--- Dataset entries Enclosed Below ---

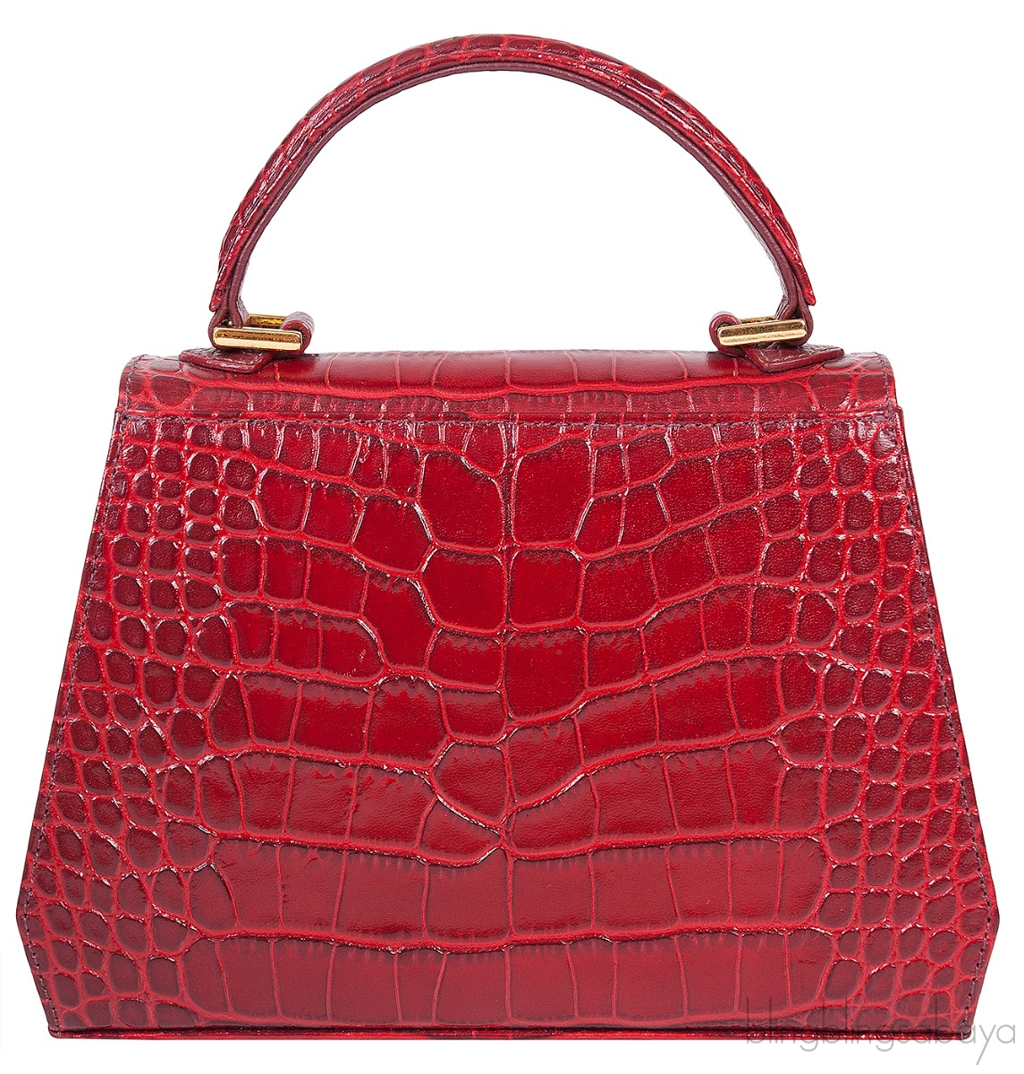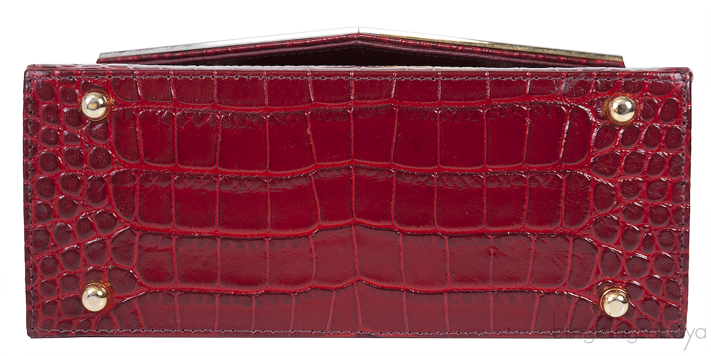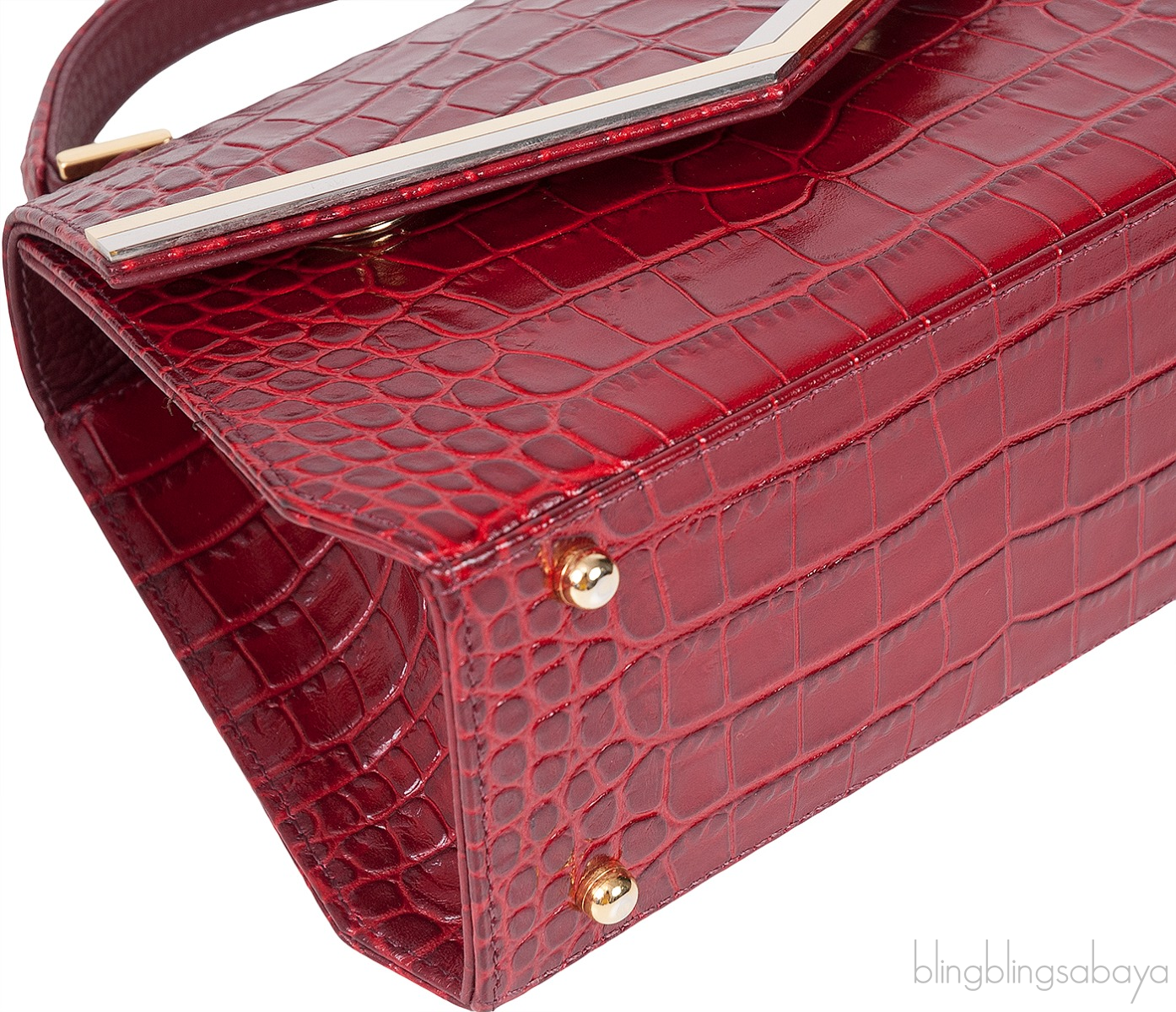 This Leia Red Croc Print Mini Bag from Rula Galayini is crafted from dark red crocodile print leather accented with gold hardware.
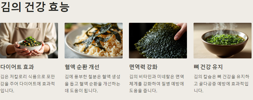 특히, 김은 오메가-3 지방산이 풍부하여 심혈관 건강에도 좋습니다. 이러한 효능 덕분에 김은 건강식으로 많은 사랑을 받고 있습니다.
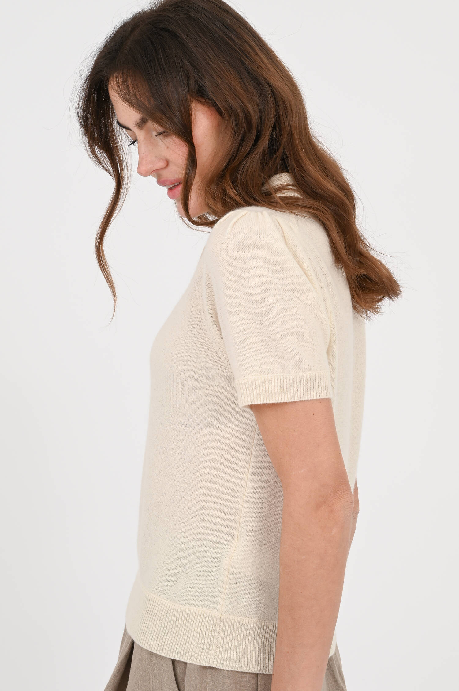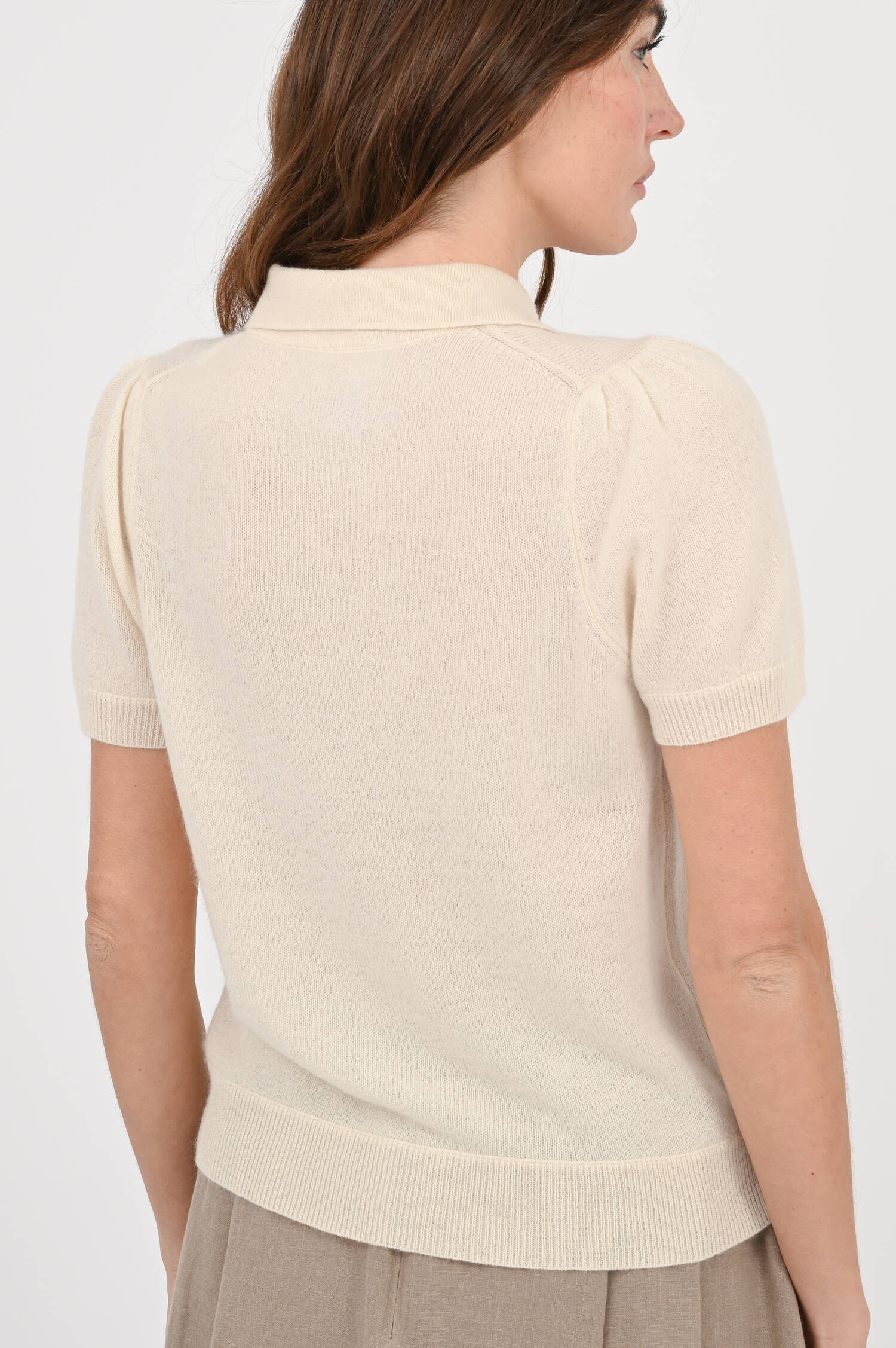 Cashmere Poloshirt mit Puffärmel in Creme
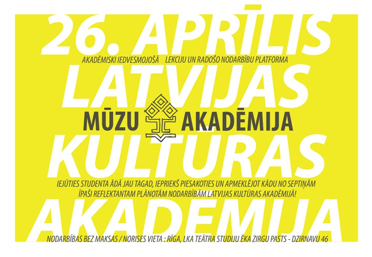 Sestdien, 26. aprīlī ikvienam interesentam, iepriekš piesakoties (pieteikšanās līdz 23. aprīlim!), ir iespēja jau laicīgi iejusties studenta ādā un apmeklēt kādu no septiņām īpaši reflektantam plānotām lekcijām Latvijas Kultūras akadēmijā, kur jau trešo gadu norisināsies akadēmiski iedvesmojošā MŪZU AKADĒMIJA.
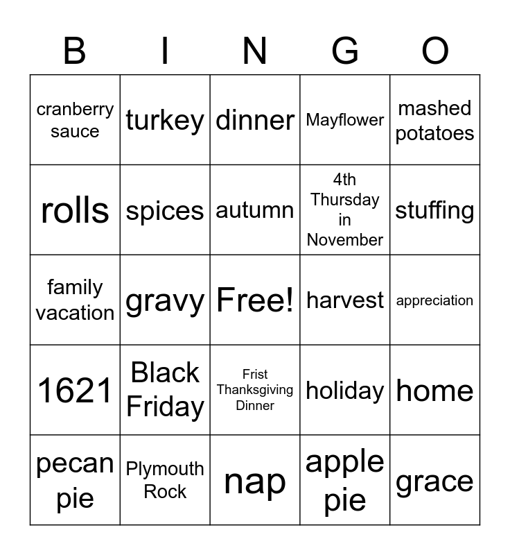 This bingo card has a free space and 25 words: Black Friday, nap, autumn, pecan pie, mashed potatoes, cranberry sauce, rolls, turkey, harvest, Frist Thanksgiving Dinner, 4th Thursday in November, family vacation, holiday, home, spices, thankful, appreciation, dinner, stuffing, gravy, grace, Plymouth Rock, 1621, Mayflower and apple pie.
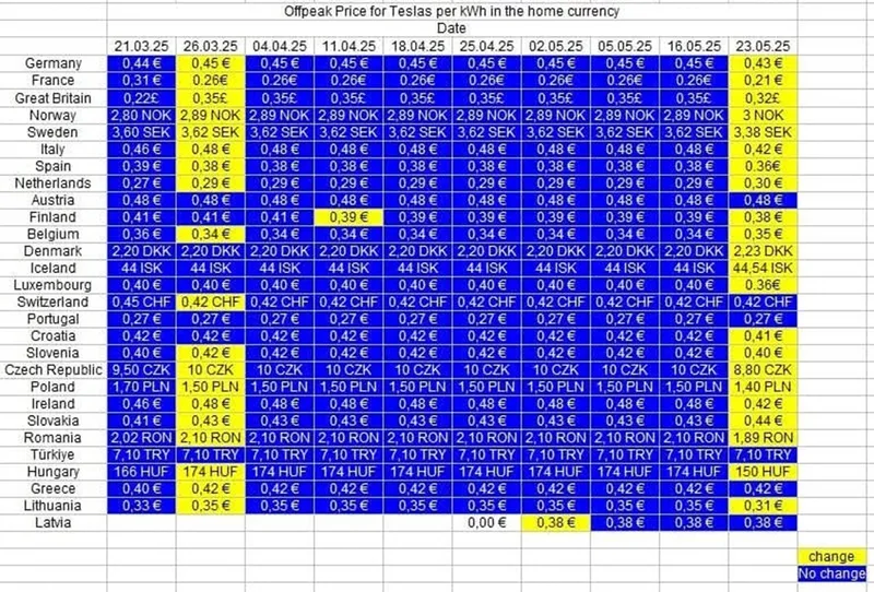 Un posesor de mașină electrică, probabil de Tesla, a monitorizat prețurile de la stațiile de încărcare Tesla Supercharger din Europa, în perioada 21 martie - 23 mai 2025 și a realizat un tabel extrem de util cu prețurile energiei electrice și variația acestora în intervalul menționat.
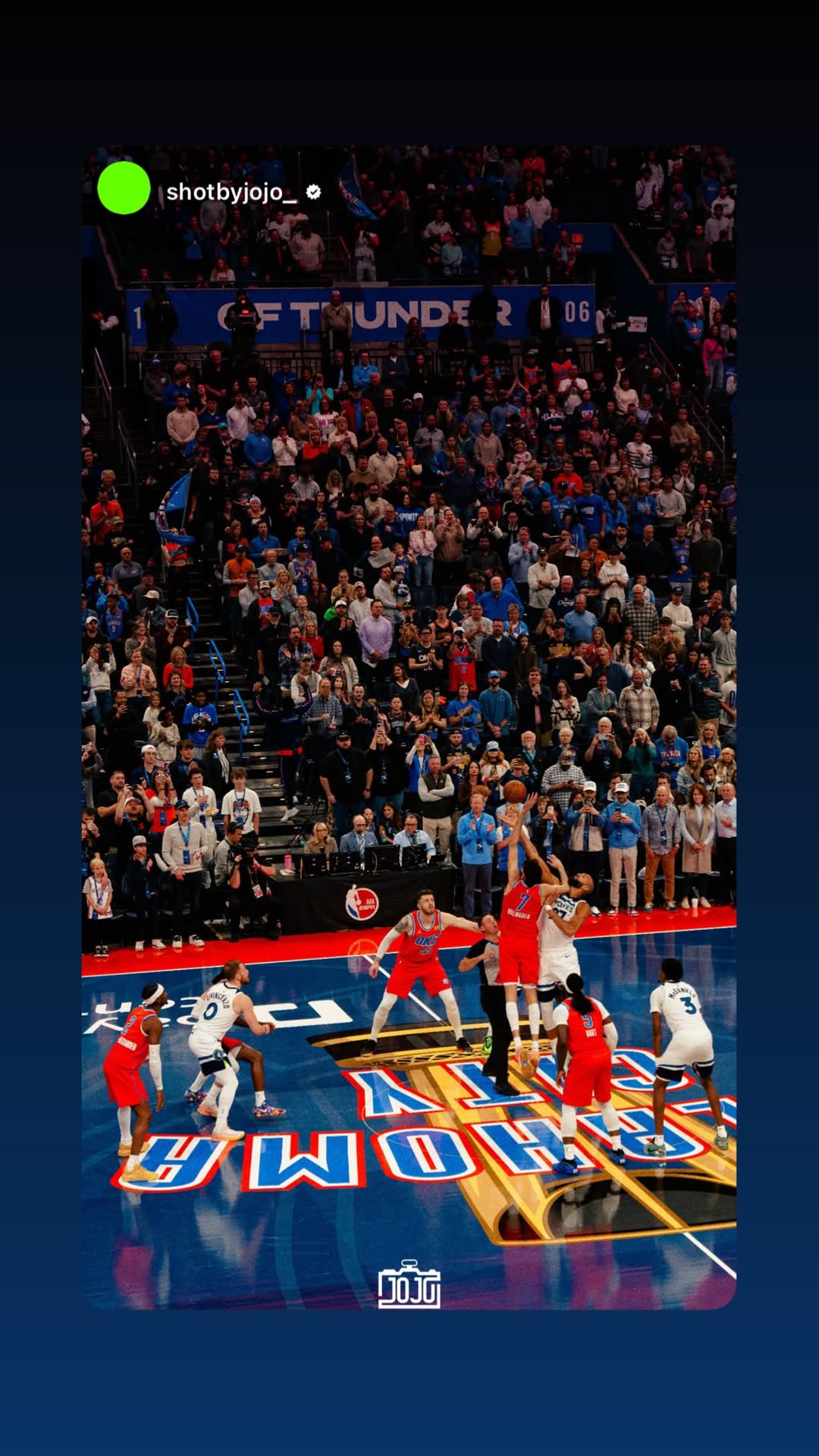 虎扑11月27日讯雷霆球员切特-霍姆格伦更新个人社媒,晒出今日比赛开场跳球照片。

--- End of Enclosed Dataset entries ---

» Problem statement:
Write out the records word for word. Pictures stay out.

» Answer below:
 This Leia Red Croc Print Mini Bag from Rula Galayini is crafted from dark red crocodile print leather accented with gold hardware.
 특히, 김은 오메가-3 지방산이 풍부하여 심혈관 건강에도 좋습니다. 이러한 효능 덕분에 김은 건강식으로 많은 사랑을 받고 있습니다.
 Cashmere Poloshirt mit Puffärmel in Creme
 Sestdien, 26. aprīlī ikvienam interesentam, iepriekš piesakoties (pieteikšanās līdz 23. aprīlim!), ir iespēja jau laicīgi iejusties studenta ādā un apmeklēt kādu no septiņām īpaši reflektantam plānotām lekcijām Latvijas Kultūras akadēmijā, kur jau trešo gadu norisināsies akadēmiski iedvesmojošā MŪZU AKADĒMIJA.
 This bingo card has a free space and 25 words: Black Friday, nap, autumn, pecan pie, mashed potatoes, cranberry sauce, rolls, turkey, harvest, Frist Thanksgiving Dinner, 4th Thursday in November, family vacation, holiday, home, spices, thankful, appreciation, dinner, stuffing, gravy, grace, Plymouth Rock, 1621, Mayflower and apple pie.
 Un posesor de mașină electrică, probabil de Tesla, a monitorizat prețurile de la stațiile de încărcare Tesla Supercharger din Europa, în perioada 21 martie - 23 mai 2025 și a realizat un tabel extrem de util cu prețurile energiei electrice și variația acestora în intervalul menționat.
 虎扑11月27日讯雷霆球员切特-霍姆格伦更新个人社媒,晒出今日比赛开场跳球照片。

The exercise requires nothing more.